» Task details: Print the listing below exactly, minus its pictures.

» Dataset extract:
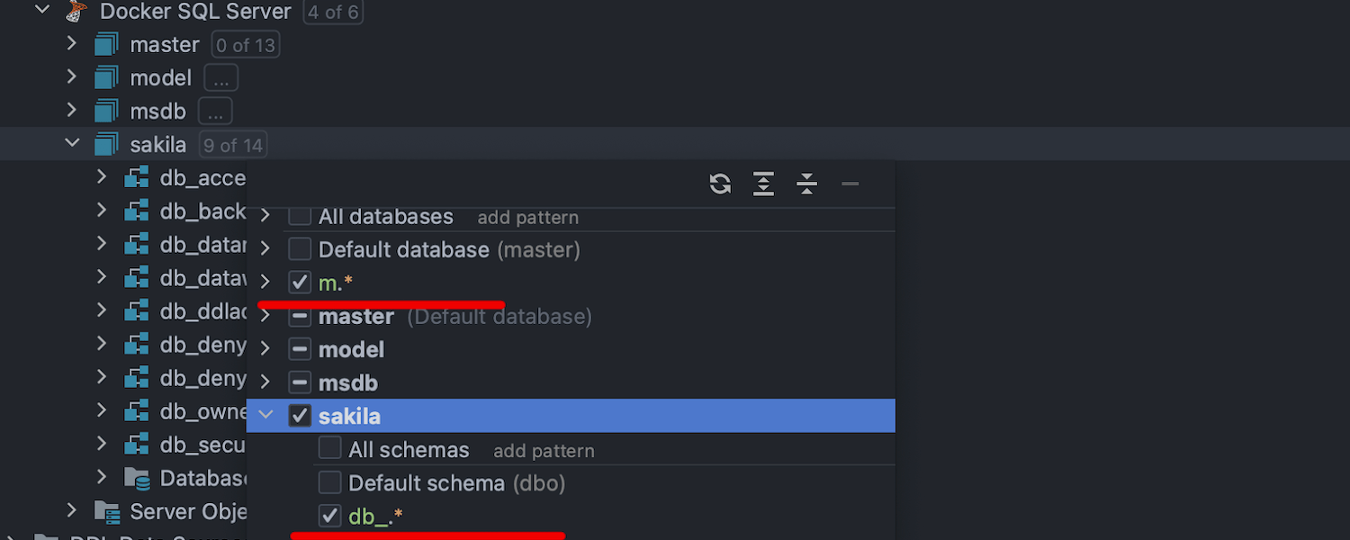 从 v2022.3 开始,可以根据正则表达式模式选择数据库或架构进行内省。 为此,点击 Add Pattern(添加模式)并在新节点中定义正则表达式模式。 将根据该模式选择数据库或架构。 添加多个模式将组合多样性,而不是创建其交集。 All(所有)节点现在的行为与以前的版本不同,它不会自动选择默认架构。 您现在需要在 All schemas(所有架构)、Default schema(默认架构)或应用正则表达式筛选器之间选择。
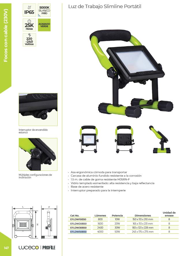 FOCO PORTATIL LUCECO 50W 4000Lum 5000K IP65 CABLE 1,5m SCHUKO EFLDW50B50-E5
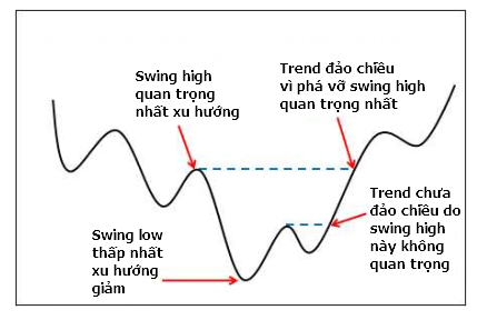 Xu hướng giảm sẽ kết thúc khi giá phá vỡ đỉnh swing high tạo ra đáy swing low thấp nhất của xu hướng. Hãy chú ý cụm từ swing high tạo ra đáy swing low cao nhất, đó là vị trí rất đặc biệt trong xu hướng giảm.
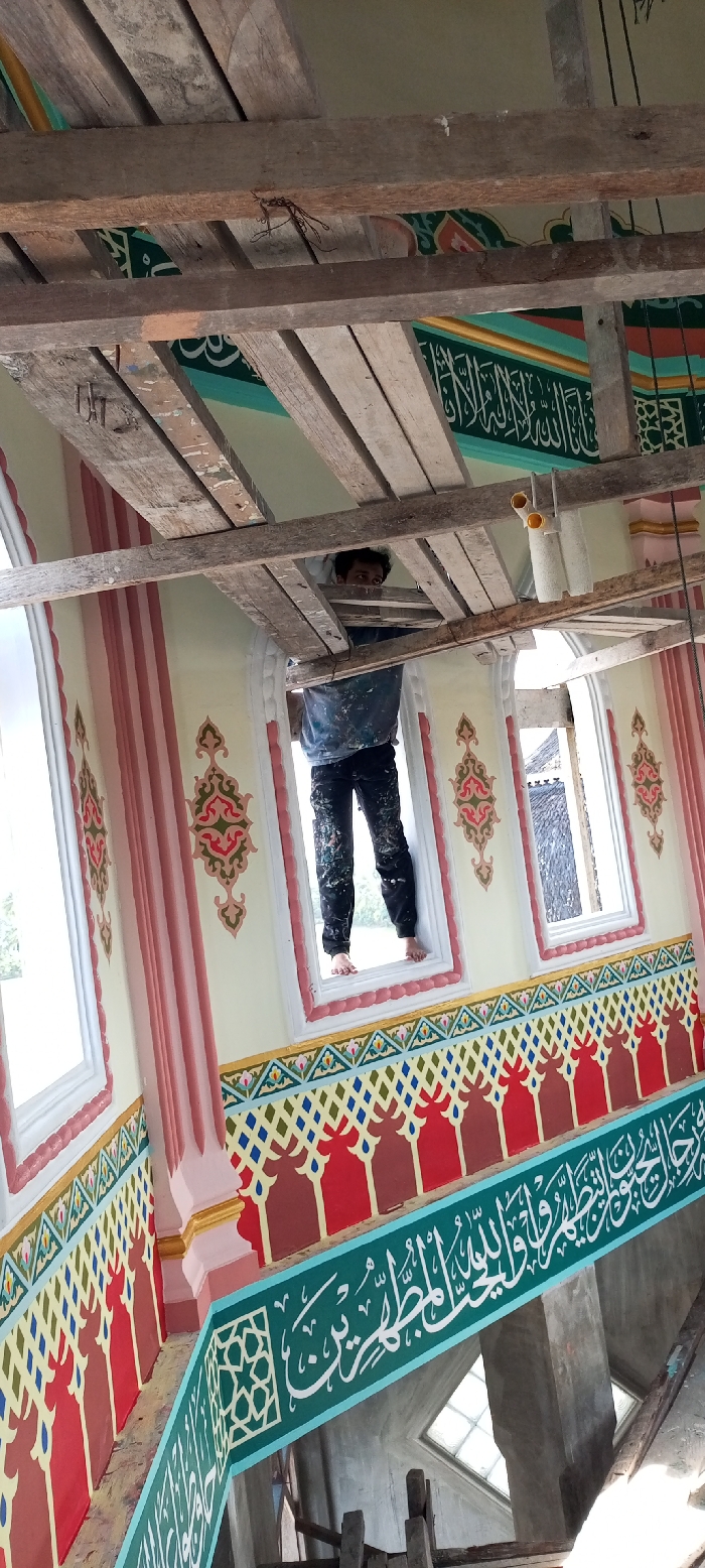 This image depicts the interior of a building under renovation in Kumbang, Indonesia. A barefoot male worker, wearing a paint-splattered blue long-sleeved shirt and black pants, stands on the sill of a rectangular window. His upper body is visible above a horizontal wooden scaffolding beam, with his head turned towards the viewer. The cream-colored walls are extensively decorated with multi-colored Islamic patterns and calligraphy. A prominent teal green horizontal band features white Arabic calligraphy. Below the windows, a patterned band displays red, maroon, and blue arch-like motifs interspersed with multi-colored diamond designs (gold, green, blue). Above the windows, intricate red, green, and gold floral patterns are painted. Multiple rectangular windows with white frames and pink sills admit natural light, revealing a muted green exterior and part of an adjacent roof structure. Pink fluted pilasters separate these windows. The upper portion of the scene is dominated by a dense network of rough-hewn wooden beams forming temporary scaffolding, some with exposed nails. A white PVC pipe with two yellow end caps is suspended from one of these beams. The ceiling, partially visible behind the scaffolding, shows light green and patterned sections.
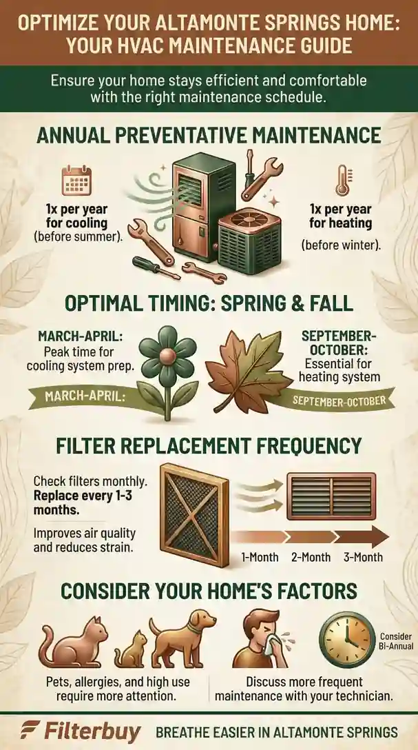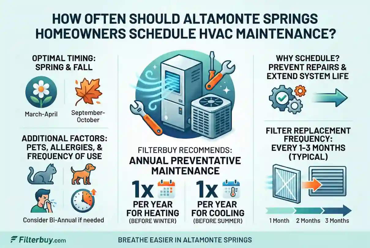 The baseline recommendation for Altamonte Springs homeowners is two professional HVAC maintenance visits annually — one in early spring (March or April) and one in early fall (October). Spring tune-ups prepare your cooling system before the brutal Central Florida heat arrives. Fall visits service the heating system and address any wear accumulated over the long cooling season before temperatures drop.
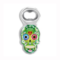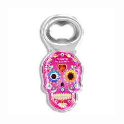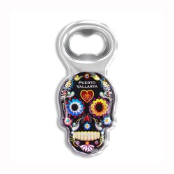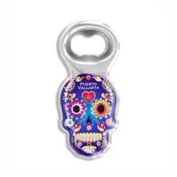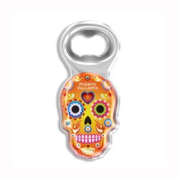 Destapador de acrílico en forma de calavera para recordar la tradicion del día de muerto en México. Útil y decorativo, disponible en 8 figuras y colores diferentes, es un souvenir ideal para que los turistas recuerden sus vacaciones en Puerto Vallarta.
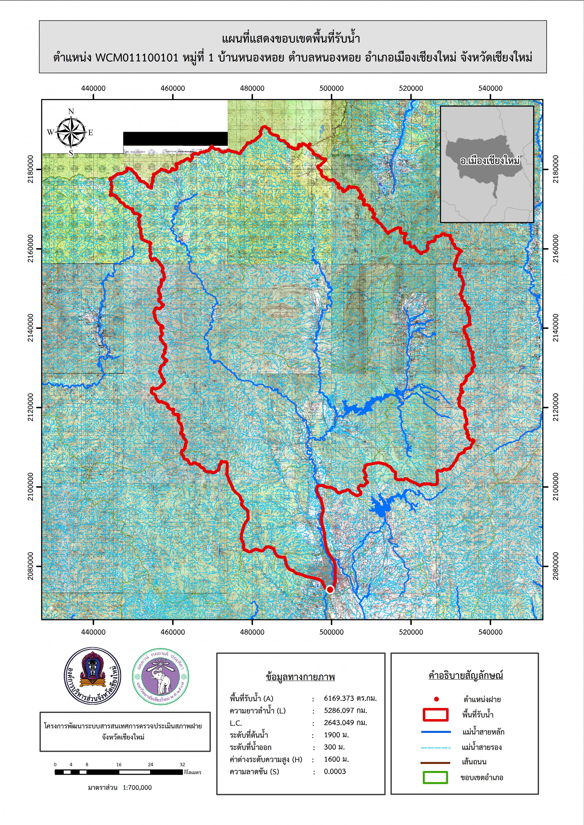 รูปภาพแผนที่แสดงขอบเขตพื้นที่รับน้ำ
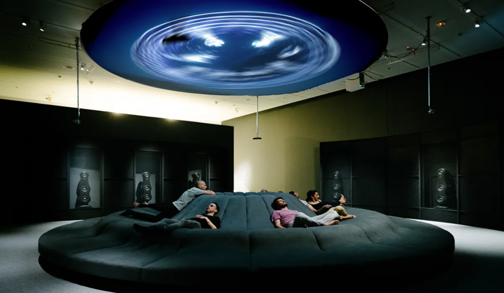 Created by sound expert Julian Treasure, the piece is a decorative table with wireless headphones and a microphone. The audience can plug their headphones into sockets on the table and thus immerse themselves in a surround sound environment emanating from the table. The table also records the sound of the audience's speech and translates it into visuals, adding to the sense of interactivity and engagement.
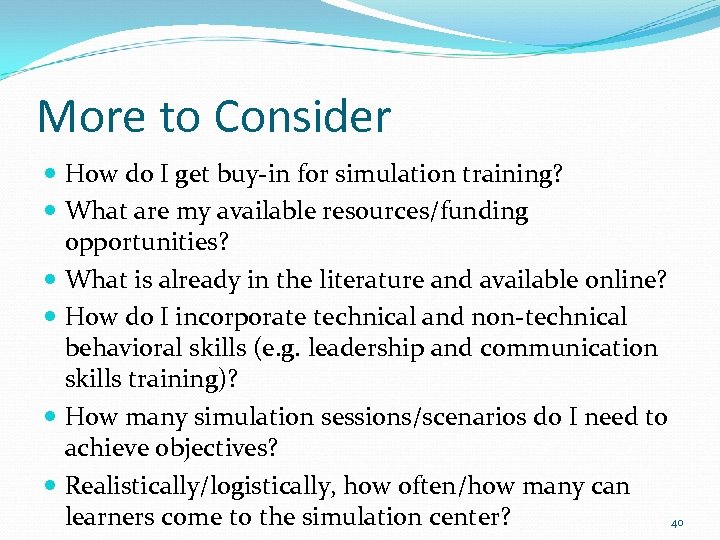 More to Consider How do I get buy-in for simulation training? What are my available resources/funding opportunities? What is already in the literature and available online? How do I incorporate technical and non-technical behavioral skills (e. g. leadership and communication skills training)? How many simulation sessions/scenarios do I need to achieve objectives? Realistically/logistically, how often/how many can learners come to the simulation center? 40
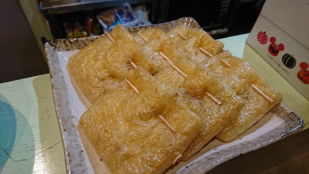 ・半分に切ってすりこぎで転がして中を開いた油揚げ(焼くので油抜きしないほうがカリッと仕上がります)
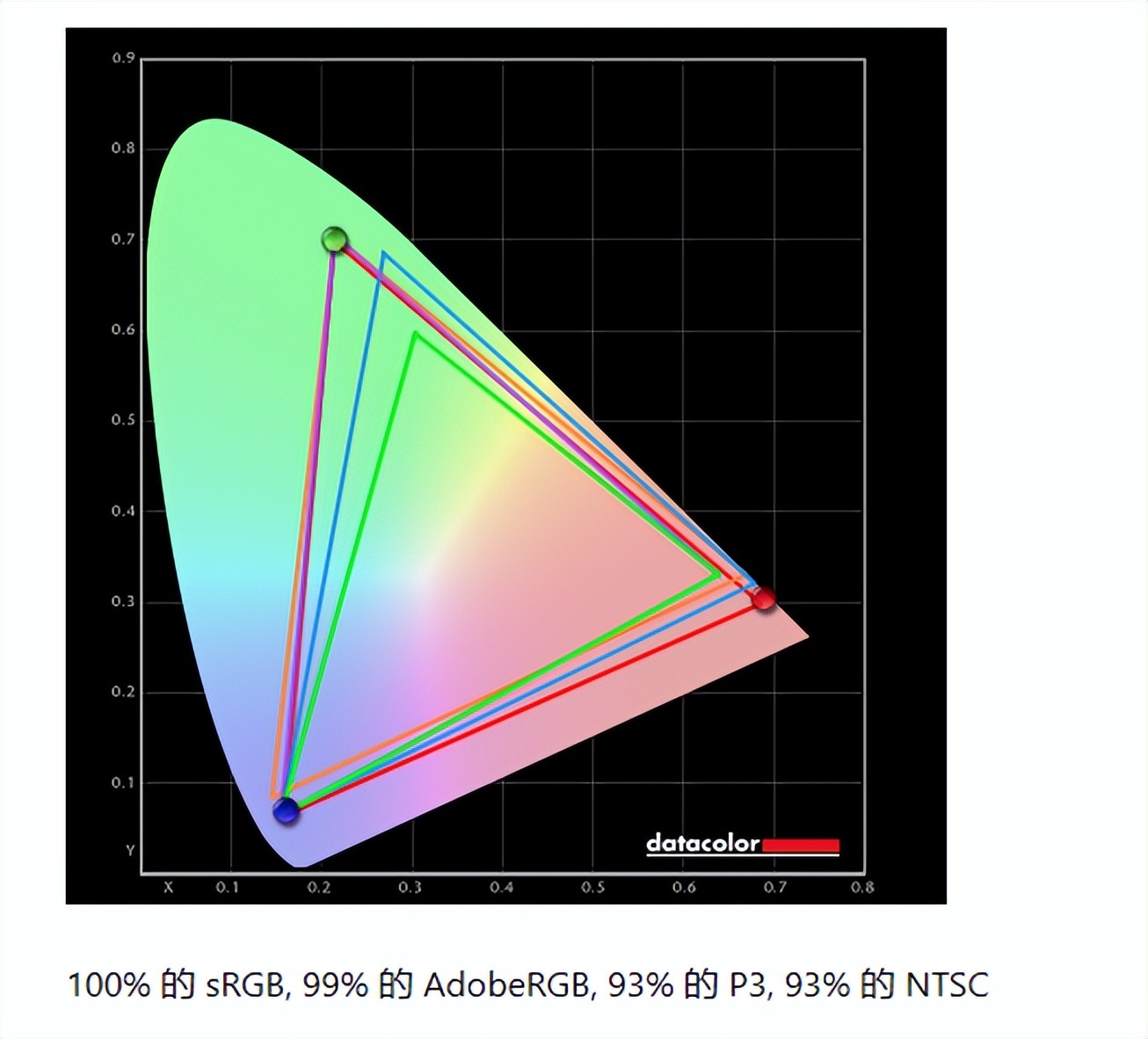色域测试结果如图,100%的sRGB,99%的AdobeRGB,93%的P3,93%的NTSC,99%的AdobeRGB意味着这已经是一块专业级的设计屏了,要知道5年前的一块99%AdobeRGB色域的屏幕的价位在2-4万左右,不得不说科技升级就是不断地让高端技术顶尖设备平民化。

» Exercise result:
 从 v2022.3 开始,可以根据正则表达式模式选择数据库或架构进行内省。 为此,点击 Add Pattern(添加模式)并在新节点中定义正则表达式模式。 将根据该模式选择数据库或架构。 添加多个模式将组合多样性,而不是创建其交集。 All(所有)节点现在的行为与以前的版本不同,它不会自动选择默认架构。 您现在需要在 All schemas(所有架构)、Default schema(默认架构)或应用正则表达式筛选器之间选择。
 FOCO PORTATIL LUCECO 50W 4000Lum 5000K IP65 CABLE 1,5m SCHUKO EFLDW50B50-E5
 Xu hướng giảm sẽ kết thúc khi giá phá vỡ đỉnh swing high tạo ra đáy swing low thấp nhất của xu hướng. Hãy chú ý cụm từ swing high tạo ra đáy swing low cao nhất, đó là vị trí rất đặc biệt trong xu hướng giảm.
 This image depicts the interior of a building under renovation in Kumbang, Indonesia. A barefoot male worker, wearing a paint-splattered blue long-sleeved shirt and black pants, stands on the sill of a rectangular window. His upper body is visible above a horizontal wooden scaffolding beam, with his head turned towards the viewer. The cream-colored walls are extensively decorated with multi-colored Islamic patterns and calligraphy. A prominent teal green horizontal band features white Arabic calligraphy. Below the windows, a patterned band displays red, maroon, and blue arch-like motifs interspersed with multi-colored diamond designs (gold, green, blue). Above the windows, intricate red, green, and gold floral patterns are painted. Multiple rectangular windows with white frames and pink sills admit natural light, revealing a muted green exterior and part of an adjacent roof structure. Pink fluted pilasters separate these windows. The upper portion of the scene is dominated by a dense network of rough-hewn wooden beams forming temporary scaffolding, some with exposed nails. A white PVC pipe with two yellow end caps is suspended from one of these beams. The ceiling, partially visible behind the scaffolding, shows light green and patterned sections.
 The baseline recommendation for Altamonte Springs homeowners is two professional HVAC maintenance visits annually — one in early spring (March or April) and one in early fall (October). Spring tune-ups prepare your cooling system before the brutal Central Florida heat arrives. Fall visits service the heating system and address any wear accumulated over the long cooling season before temperatures drop.
 Destapador de acrílico en forma de calavera para recordar la tradicion del día de muerto en México. Útil y decorativo, disponible en 8 figuras y colores diferentes, es un souvenir ideal para que los turistas recuerden sus vacaciones en Puerto Vallarta.
 รูปภาพแผนที่แสดงขอบเขตพื้นที่รับน้ำ
 Created by sound expert Julian Treasure, the piece is a decorative table with wireless headphones and a microphone. The audience can plug their headphones into sockets on the table and thus immerse themselves in a surround sound environment emanating from the table. The table also records the sound of the audience's speech and translates it into visuals, adding to the sense of interactivity and engagement.
 More to Consider How do I get buy-in for simulation training? What are my available resources/funding opportunities? What is already in the literature and available online? How do I incorporate technical and non-technical behavioral skills (e. g. leadership and communication skills training)? How many simulation sessions/scenarios do I need to achieve objectives? Realistically/logistically, how often/how many can learners come to the simulation center? 40
 ・半分に切ってすりこぎで転がして中を開いた油揚げ(焼くので油抜きしないほうがカリッと仕上がります)
色域测试结果如图,100%的sRGB,99%的AdobeRGB,93%的P3,93%的NTSC,99%的AdobeRGB意味着这已经是一块专业级的设计屏了,要知道5年前的一块99%AdobeRGB色域的屏幕的价位在2-4万左右,不得不说科技升级就是不断地让高端技术顶尖设备平民化。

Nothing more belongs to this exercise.